— MATERIAL FOR THIS EXERCISE —

+ + +

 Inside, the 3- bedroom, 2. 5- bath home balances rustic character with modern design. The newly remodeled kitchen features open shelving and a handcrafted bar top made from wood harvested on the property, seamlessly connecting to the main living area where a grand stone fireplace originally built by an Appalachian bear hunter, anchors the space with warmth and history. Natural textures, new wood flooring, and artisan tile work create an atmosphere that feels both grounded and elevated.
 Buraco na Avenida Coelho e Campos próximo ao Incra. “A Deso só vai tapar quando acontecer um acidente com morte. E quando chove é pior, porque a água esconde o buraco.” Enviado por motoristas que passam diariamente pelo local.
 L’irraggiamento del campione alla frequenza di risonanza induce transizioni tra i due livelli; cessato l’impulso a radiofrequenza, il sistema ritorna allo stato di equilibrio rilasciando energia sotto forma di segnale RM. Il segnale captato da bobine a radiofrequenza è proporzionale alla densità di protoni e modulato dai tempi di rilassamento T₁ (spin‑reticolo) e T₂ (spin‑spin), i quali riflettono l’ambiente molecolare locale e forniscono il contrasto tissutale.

+ + +

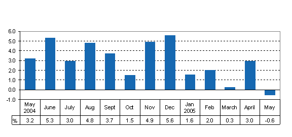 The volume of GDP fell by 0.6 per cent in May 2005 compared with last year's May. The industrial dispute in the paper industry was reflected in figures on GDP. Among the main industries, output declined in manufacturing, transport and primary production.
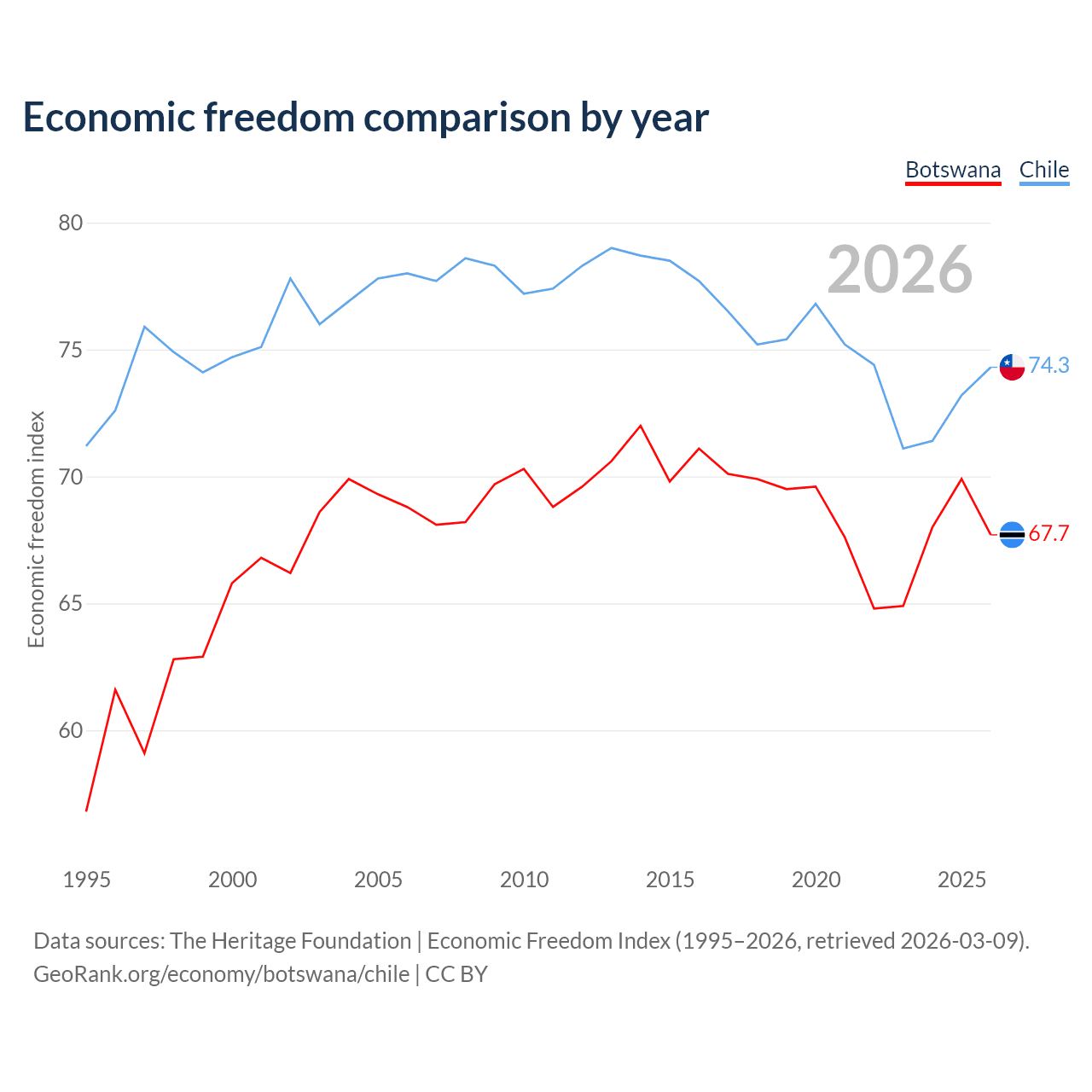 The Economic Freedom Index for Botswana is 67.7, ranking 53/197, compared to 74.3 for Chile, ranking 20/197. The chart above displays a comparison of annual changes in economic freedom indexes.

+ + +

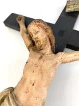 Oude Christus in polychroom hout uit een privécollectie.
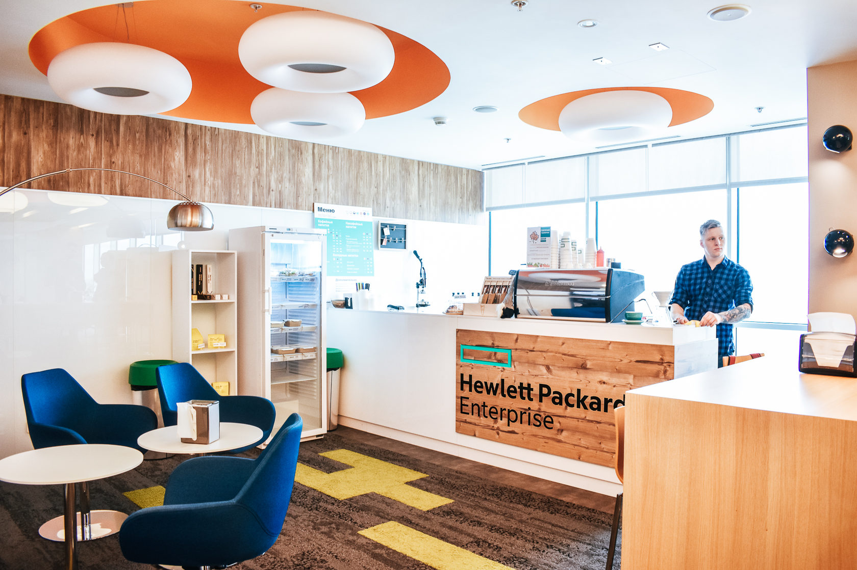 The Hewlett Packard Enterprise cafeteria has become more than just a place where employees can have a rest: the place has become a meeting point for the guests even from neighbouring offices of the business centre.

+ + +

— WHAT YOU WILL DO —
As the answer, set down only the lines from the data above between the one holding "Buraco na Avenida" and the one holding "L’irraggiamento del campione", inclusive, exactly as they read.

— ANSWER TO THIS EXERCISE —
 Buraco na Avenida Coelho e Campos próximo ao Incra. “A Deso só vai tapar quando acontecer um acidente com morte. E quando chove é pior, porque a água esconde o buraco.” Enviado por motoristas que passam diariamente pelo local.
 L’irraggiamento del campione alla frequenza di risonanza induce transizioni tra i due livelli; cessato l’impulso a radiofrequenza, il sistema ritorna allo stato di equilibrio rilasciando energia sotto forma di segnale RM. Il segnale captato da bobine a radiofrequenza è proporzionale alla densità di protoni e modulato dai tempi di rilassamento T₁ (spin‑reticolo) e T₂ (spin‑spin), i quali riflettono l’ambiente molecolare locale e forniscono il contrasto tissutale.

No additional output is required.